Gedurende verschillende jaren ervaarde ik kleine tot iets grotere pesterijen. Deze waren nooit extreem ernstig, maar wel lastig op momenten waarop je al met jezelf in de knoop ligt. Af en toe ontmoette ik mensen die uiteindelijk zagen dat ik eigenlijk best oké was. Soms ontstonden hieruit contacten, soms niet, maar vroeg of laat verstoorde of verwaterde deze relaties weer.
Wanneer ik dieper in mijn verleden duik, stuit ik op mijn kinderjaren in een gezin van gescheiden ouders. Voor hun scheiding heerste er vaak spanning thuis. Beide ouders zijn inmiddels overleden, maar destijds was de thuissituatie gespannen. Mijn moeder was ondanks alles een warme en liefhebbende persoon. Door de huiselijke problemen begon ik mezelf echter kleiner voor te doen, in een poging thuis niet nog meer spanningen te veroorzaken. Dit resulteerde in een neiging om me te verkleinen en overmatig aan te passen.

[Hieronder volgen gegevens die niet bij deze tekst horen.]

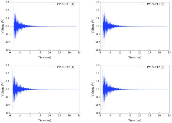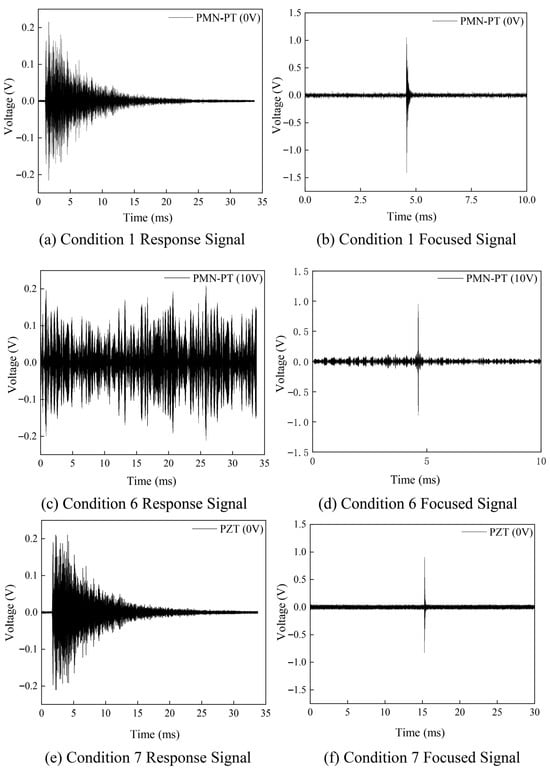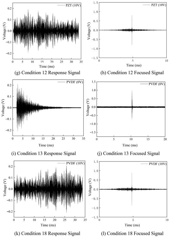 By adjusting the Gaussian white noise signal amplitude to represent different conditions, the signal received by PMN-PT2 at Condition 1 was considered the response signal. The response signal was processed using MATLAB’s time-reversal method, then re-excited by PMN-PT2 and received by PMN-PT1 to obtain the focused signal. The same procedure was repeated for PZT and PVDF materials. The summarized results for the conditions are shown in Table 8. The experimental results are presented in Figure 10a–l.

Ik groeide op met twee vrouwen: mijn moeder en mijn zus, aangezien mijn vader na de scheiding afstandelijk werd en weinig contact onderhield. Zo kwam ik voornamelijk in aanraking met wat je zou kunnen noemen 'vrouwelijke energie', en miste ik misschien 'mannelijke' levenslessen en energie. Hoewel mijn moeder altijd een bijzondere plek in mijn hart zal hebben als een liefdevolle en warme persoon, was de overgebrachte les in assertiviteit en voor mezelf opkomen beperkt. Ik leerde voornamelijk om aardig te zijn, te luisteren naar anderen en me aan te passen, zelfs toen later bleek dat ik al een zeer meegaand kind was en wellicht juist de tegenovergestelde les nodig had.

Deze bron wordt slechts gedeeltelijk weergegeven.